The @erfares option was up and running on the Aer Lingus website as the Echo went to press.

The move by the Irish carrier is part of a broader strategy of cutting costs after months of declining revenues caused by the foot and mouth crisis, a general economic downturn and, most crucially, the September 11 attack on America.

“Each initiative plays an integral part of out survival plan,” the Aer Lingus statement said.

In the long run, any trend toward booking tickets over the internet should allow Aer Lingus to save money by reducing staff levels in its over-the-phone tickets sales department.

Last week’s decision to discontinue commissions to travel agents is also another money-saving move.

Internet ticket sales have been used by U.S. carriers for some time.

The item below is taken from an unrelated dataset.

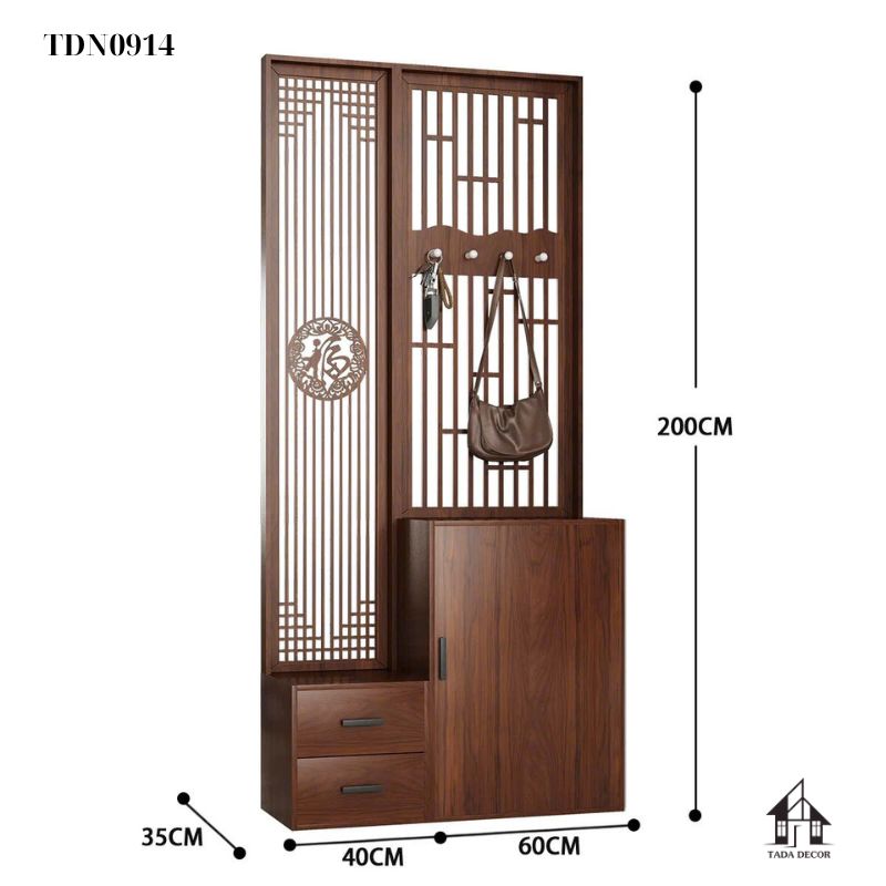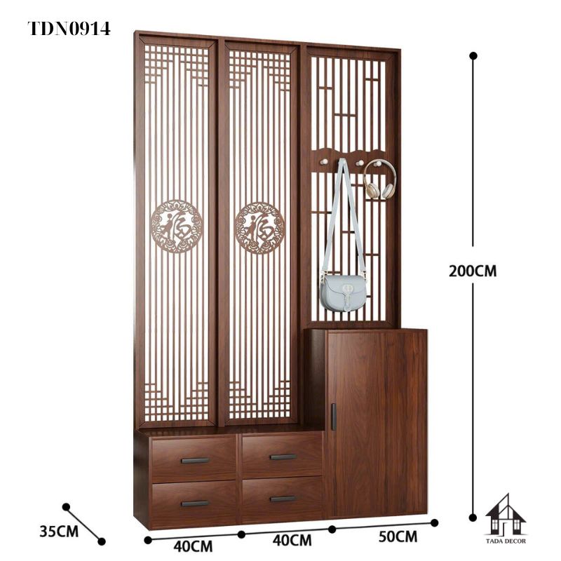 Cũng giống như tủ ngăn phối vách CNC TDN0901, mẫu TDN0914 không chỉ là vật dụng lưu trữ mà còn là “bức bình phong” mang lại vượng khí và may mắn cho gia chủ.

Generally, the tactic is most effective where there is a large number of options to a particular destination.

As stated in its “@erfares” release, Aer Lingus is currently able to offer only a limited number of cheaper seats on a trans-Atlantic route schedule that was drastically trimmed in the wake of 9/11. In the event of an upturn in passenger numbers, and resumption of Aer Lingus services out of Newark and Baltimore/Washington D.C., the lower fare options open to internet booking traveler will likely expand.

“This is a whole new ball game,” Paddy Moroney of Medway Travel in Boston said in reference to the Aer Lingus internet move. “We knew it was coming and it will undoubtedly affect our business. But an internet site doesn’t promote bookings or fully explain options.”

Moroney acknowledged that travelers will quickly turn to an internet site if they feel it will offer cheaper fares, but he added that such a method of booking can pose problems.

“What do you do if there is a problem or a need to change travel plans? You’re on your own and there’s nobody to go to bat for you,” Moroney said. “You can always reach your travel agent in a situation like this and a good travel agent will always contact the client if a problem arises.”